Le navire qui bloquait le canal de Suez a été remis à flot, au soulagement des habitants de toute la région. Pour y parvenir, de nombreux marins et ouvriers ont travaillé d’arrache-pied et les autorités locales se sont engagées avec force. On peut espérer que la parabole s’appliquera au dossier Suisse-UE. Bloqué depuis deux ans, il empêche le développement d’importants partenariats: mise à jour des obstacles techniques au commerce (dans le cadre de l’Accord de reconnaissance mutuelle ARM), participation au programme de recherche Horizon Europe et au programme Erasmus, reconnaissance boursière, coopération dans le domaine de la santé, accord électricité…

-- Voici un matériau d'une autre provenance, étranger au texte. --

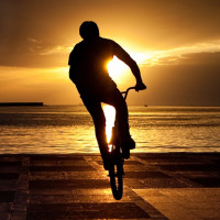 The image depicts a silhouette of a man riding a bicycle along the edge of a body of water, likely at sunset given the warm and golden lighting. The setting appears serene with calm waters reflecting the sky. The man is captured in mid-motion, suggesting movement and activity against the tranquil backdrop.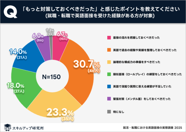 「もっと対策しておくべきだった」と感じたポイントについては、「英語で過去の経験や実績を整理しておくべきだった」が30.7%で最も多かった。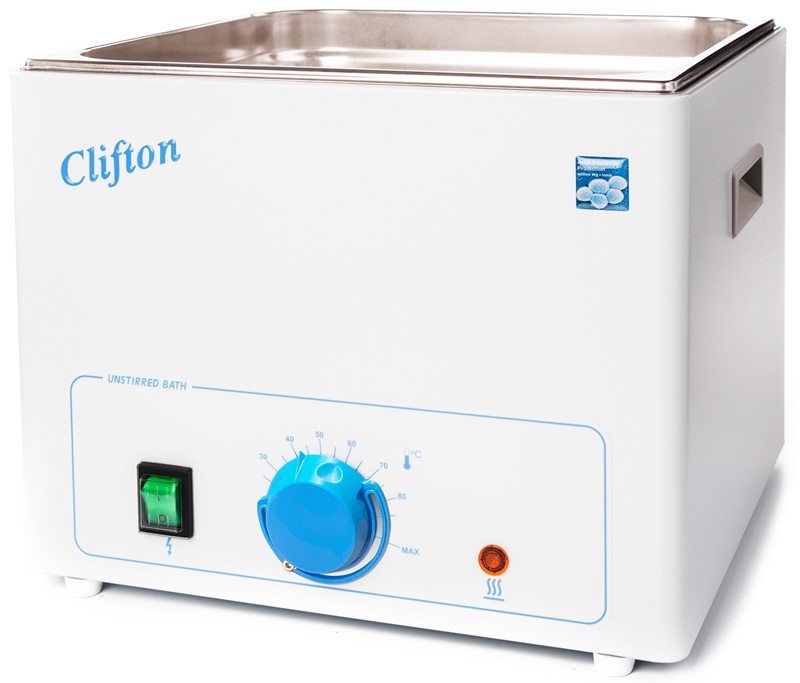 Nemíchaná nerezová lázeň o objemu 8 litrů s analogovou regulací teploty otočným regulátorem s cejchovanou stupnicí po 5°C, bez možnosti nastavení času. Vnější plášť lázně je opatřen antibakteriální povrchovou úpravou. Lázeň má vestavěnou ochranu proti přehřátí, s lázní je dodáván nerezový rošt. Lázeň disponuje uzamykatelným regulátorem teploty, který pomáhá předcházet nechtěné změně nastavení během experimentů. Součástí lázně je nerezový rošt a výpustný otvor.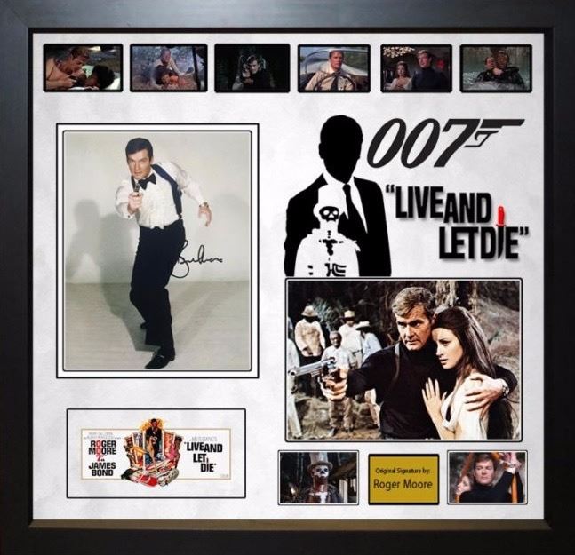 Roger Moore signed James Bond collage. This item is custom framed and authenticated by PSA DNA. This item comes with a Certificate of Authenticity from a third party authenticator. This Certification of Authenticity does not imply that the item will be certified by any other rival authentication companies. The accompanied certification is the only certification the auction company can confirm. These items are being sold as collectable pieces and there is no guarantee that this item can be resold on any online marketplace. Each of these companies has their own policies and politics.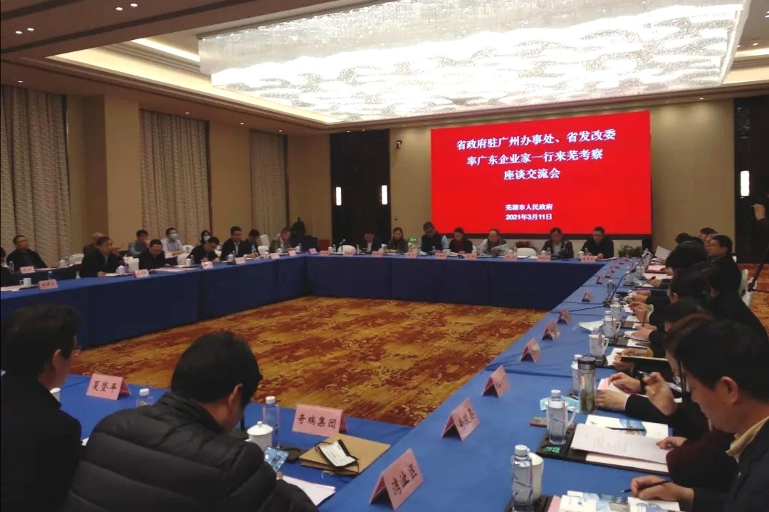 2021年3月11日-12日,我司董事长钱猛先生等广东企业家代表团在安徽省政府驻广州办事处主任郑训练的带领下,赴芜湖、马鞍山两地考察并进行座谈交流。
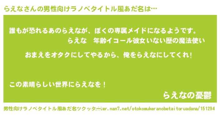 | ヘコむあだ名 | 『らえな(笑)』『らえにー』 |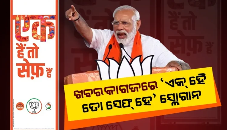 ବିଭିନ୍ନ ଖବରକାଗଜରେ ମୋଦୀଙ୍କ ‘ଏକ୍‌ ହେ ତୋ ସେଫ୍‌ ହେ’ ସ୍ଲୋଗାନ

Pourtant, il y a une différence notable. Alors que sur les berges égyptiennes on s’activait avec énergie pour débloquer le navire et éviter que le canal ne devienne une impasse, en Suisse on voit d’importants acteurs qui ont baissé les bras. Ils annoncent sans débattre des conséquences qu’il faudra renoncer à l’accord-cadre. Par peur de ne pas gagner, ils préfèrent être sûrs de perdre et renoncent à mener le débat – et le combat. C’est là que l’analogie devient inquiétante: ces défaitistes, alliés aux souverainistes, acceptent ainsi que le canal d’échange de la voie bilatérale devienne une impasse. Ils proposent de renoncer, sans autre forme de procès, à la prospérité future du pays. Rien de moins.